TASK TO COMPLETE: For each line of the data below, copy it if it holds the word "with".

DATA BLOCK:
━━━━━━━━━━━━━━━━━━━━
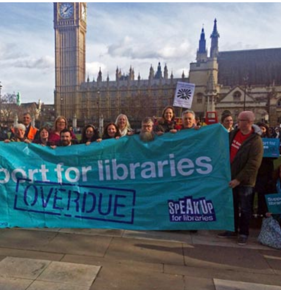
nt, February 2016.

councils of campaigners running libraries themselves, as volunteers. About 500 of Britain's 3,800 libraries are now volunteer-run, often separated from the wider network. Yet evidence suggests that volunteer-run libraries often fail. Initial enthusiasm among volunteers soon fades, they lack the com-
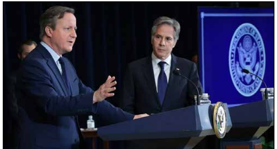
UNITED FRONT: David Cameron appeared with Anthony Blinken in DC on Tuesday

was having "an ongoing conversation with Israel about any Rafah operation".
━━━━━━━━━━━━━━━━━━━━
RESPONSE AREA:
UNITED FRONT: David Cameron appeared with Anthony Blinken in DC on Tuesday
was having "an ongoing conversation with Israel about any Rafah operation".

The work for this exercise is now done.